Since then, I have made several such instruments, and they all sound great. (I find that the Spruce is definitely easier to work with, though, and, for classical, orchestral instruments, I still use only European maple and spruce.)

Customer Preferences:

This man showed up at my shop and he played all the five string instruments I had. (He really had not been used to 5-string instruments before, and he laughed for joy, hearing the rich deep C-string on each one.  After a short while, he declared, “OK, I’m addicted!”) He played the full range of all of them, and finally settled on my earliest unsold 5-string (#3 on the “Chronology” page) as being exactly what he wanted.

But not to buy that instrument. No! He wanted a commissioned instrument “just like that one!” He had thought things over, and he wanted one that was built especially for him! (Sure! We can do that!)

And, as it turned out, that was a good thing:  A week later, the next customer who came to try out all my instruments  also loved that fiddle, but she bought it that day, and drove away! So it is gone!

Which Mold?

I knew which of my molds was the source of that fiddle: I have made at least four off of that specific mold. All of them have sold, now, so, for the moment, there are none available. (This instrument will “solve that problem” momentarily, but it will be gone immediately after completion.)

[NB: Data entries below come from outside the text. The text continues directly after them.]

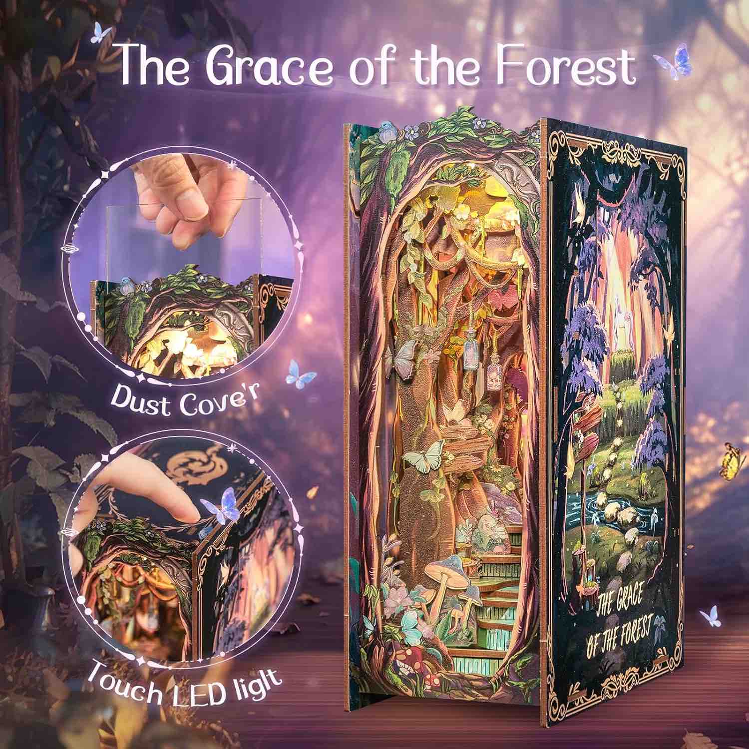 Adorned with mystical details like butterflies, mushrooms, and shimmering lights, it offers a delightful escape into a serene woodland world. A stunning addition to any bookshelf or home decor.
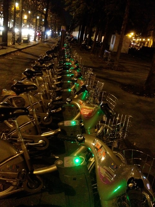 Heading back up the other side of Montaigne, I loved these Velibs (rental bikes) all lined up and glowing green.
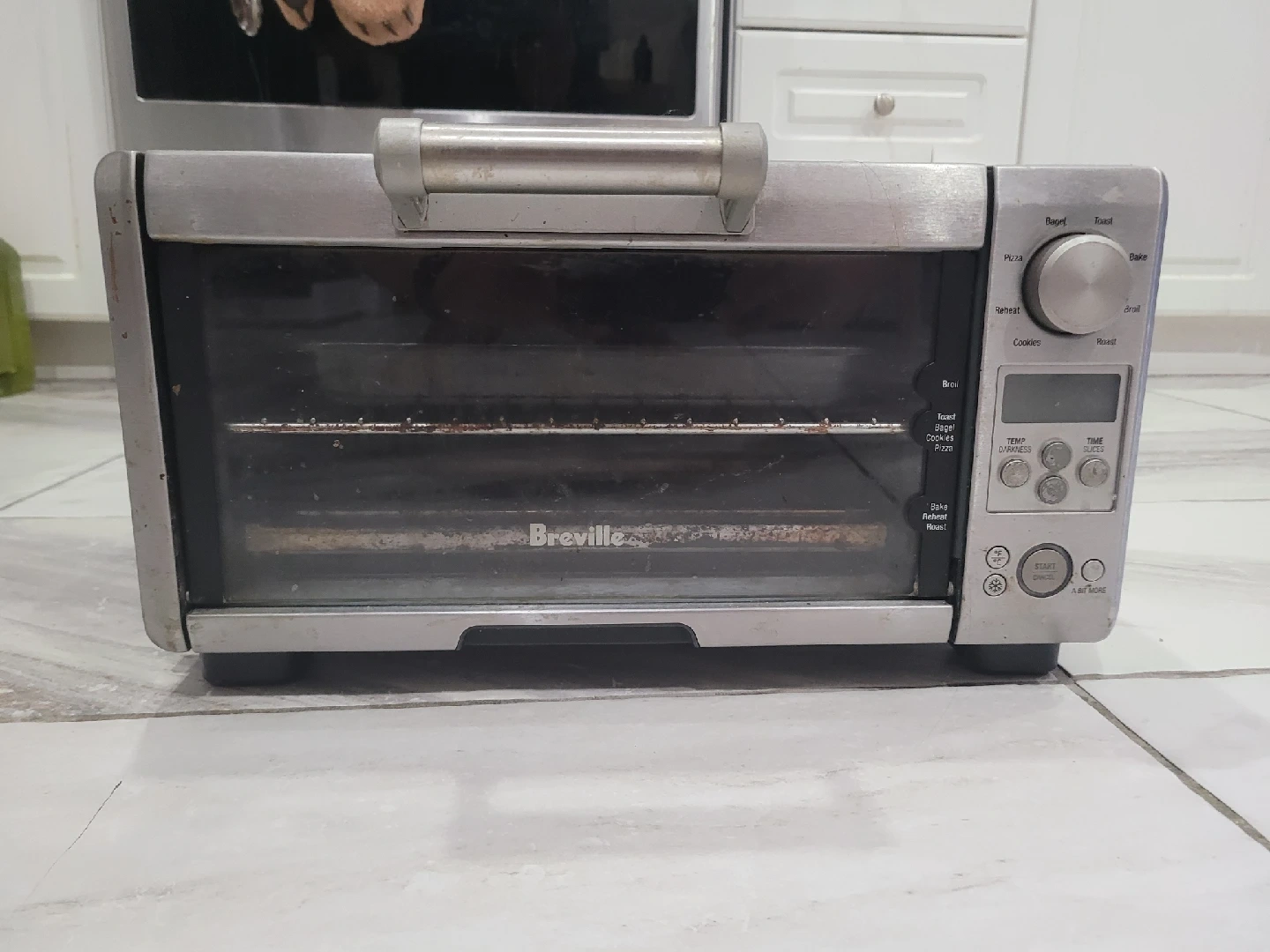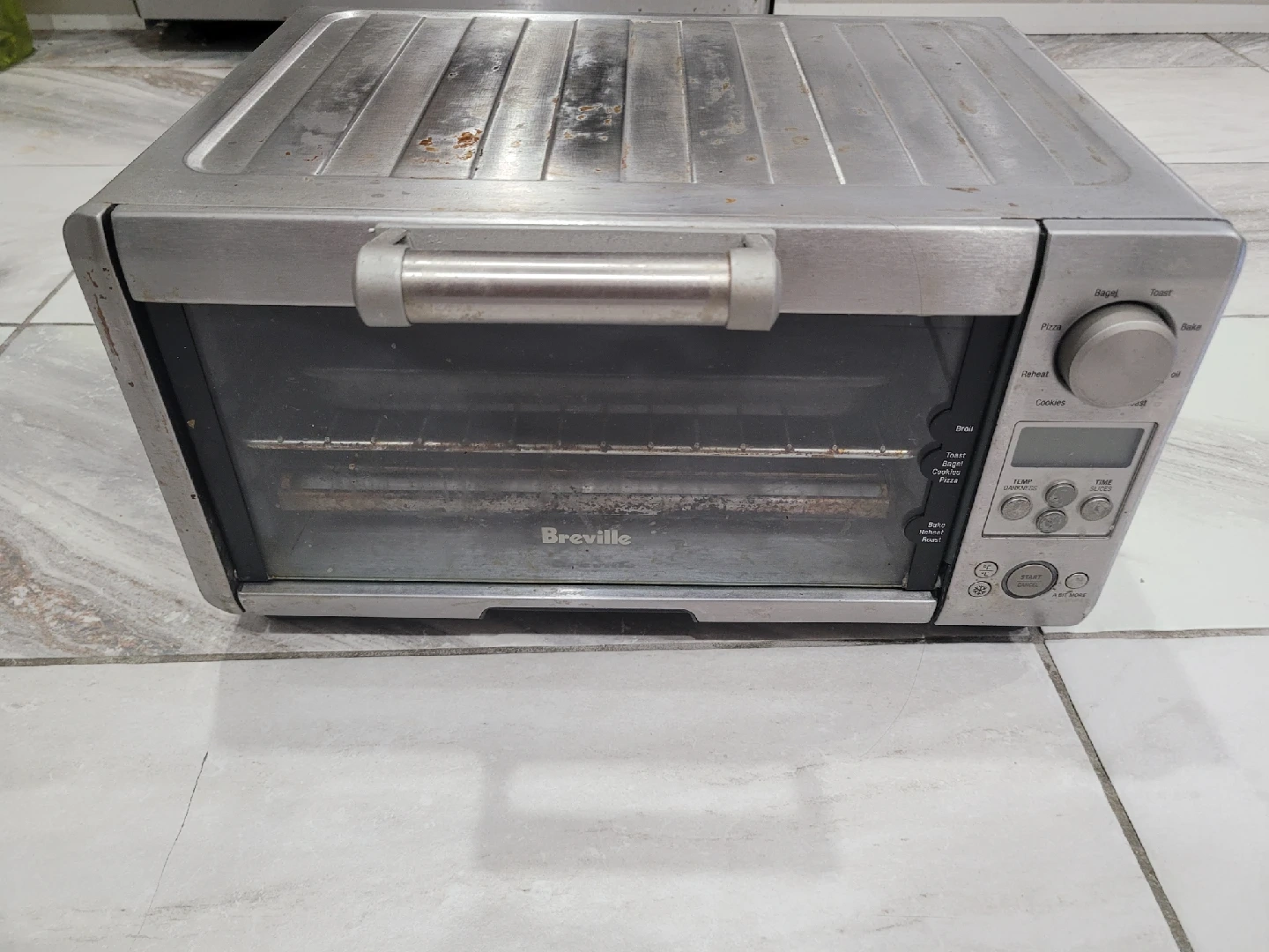 Selling a Breville toaster oven. It's in used condition but still works great for toast, bagels, pizza, and more! Perfect for smaller kitchens or anyone needing an extra oven

The commissioning customer also wanted local wood, so that he could say, “My violin was made from a tree on that hill!” So…choosing the wood was the first step.

Choosing the Wood

The model I would use had already been chosen, so that was not an issue. I also knew what the wood source would be: I still have a little of the maple my wife’s parents had given me. And, with the customer’s approval, I chose a clear piece of Douglas Fir, salvaged from the firtewood I mentioned earlier. He loved both pieces.

Maple and spruce for five string bluegrass fiddle handmade in Oregon by Chet Bishop, Luthier
“Fiddle in the rough!”

Here is a closer picture of the maple:

Heavily Spalted and Heavily Flamed Maple for five string bluegrass fiddle handmade in Oregon by Chet Bishop, luthier.
Heavily Spalted and Heavily Flamed Maple

I book-matched the spruce, by cutting a single billet in two equal halves and gluing them together to make the front plate.

Douglas Fir for five String bluegrass fiddle, handmade in Oregon by Chet Bishop, Luthier.
Douglas Fir, cut and ready to joint and glue the Center seam

I laid out the neck outline on the billet I had chosen for the neck, and I drilled the pilot holes for the tuning pegs. Then I cut out the side profile on a bandsaw.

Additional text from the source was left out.